▶ _Your task_: Please give back exactly the line with "Обеденный стол в" and each line after it through the end of the material, leaving out the pictures.

(Beginning of Data provided)

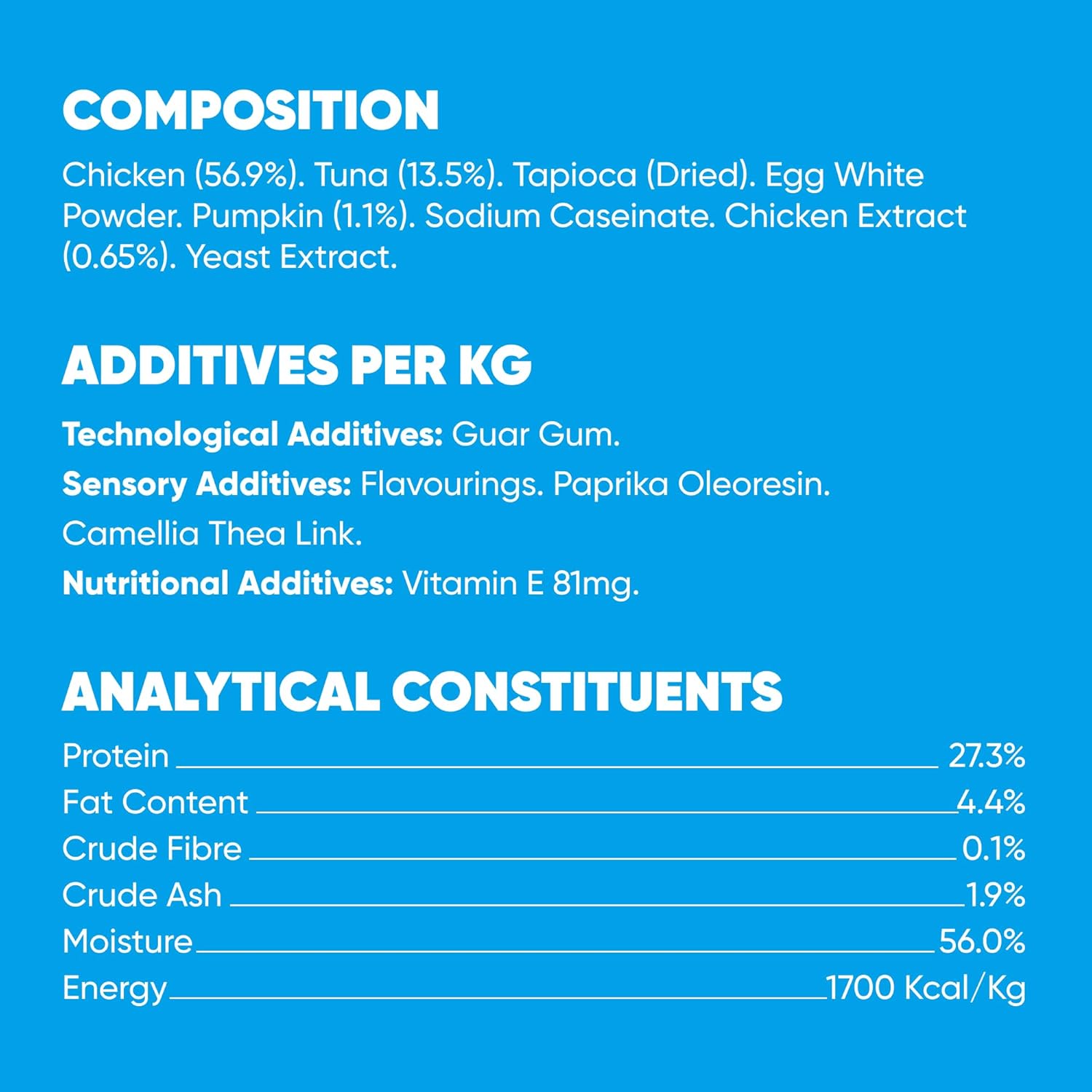 Composition: Chicken (35.5%), Tuna (34.8%), Tapioca (Dried), Egg White Powder, Cheese (1.1%), Sodium Caseinate, Chicken Extract (0.4%), Tuna Extract (0.3%), Yeast Extract.
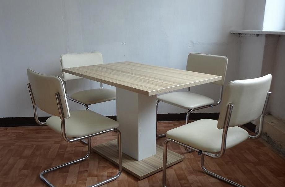 Обеденный стол в белом цвете отлично впишется в кухню любого стиля. Стол подойдет для удобного размещения четырех человек. Массивная прямоугольная столешница крепится на ножку-колонну с прочной подставкой, которая обеспечивает устойчивость стола. Модель изготовлена из качественных и надежный материалов, потому будет служить долго.
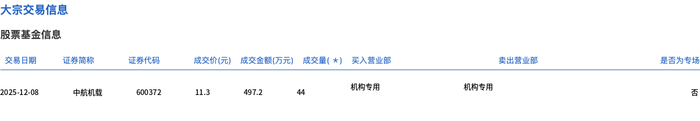 12月8日,中航机载大宗交易成交44万股,成交额497.2万元,占当日总成交额的0.59%,成交价11.3元,较市场收盘价12.63元折价10.53%。

(End of Data provided)

▶ _Response to the task_:
 Обеденный стол в белом цвете отлично впишется в кухню любого стиля. Стол подойдет для удобного размещения четырех человек. Массивная прямоугольная столешница крепится на ножку-колонну с прочной подставкой, которая обеспечивает устойчивость стола. Модель изготовлена из качественных и надежный материалов, потому будет служить долго.
 12月8日,中航机载大宗交易成交44万股,成交额497.2万元,占当日总成交额的0.59%,成交价11.3元,较市场收盘价12.63元折价10.53%。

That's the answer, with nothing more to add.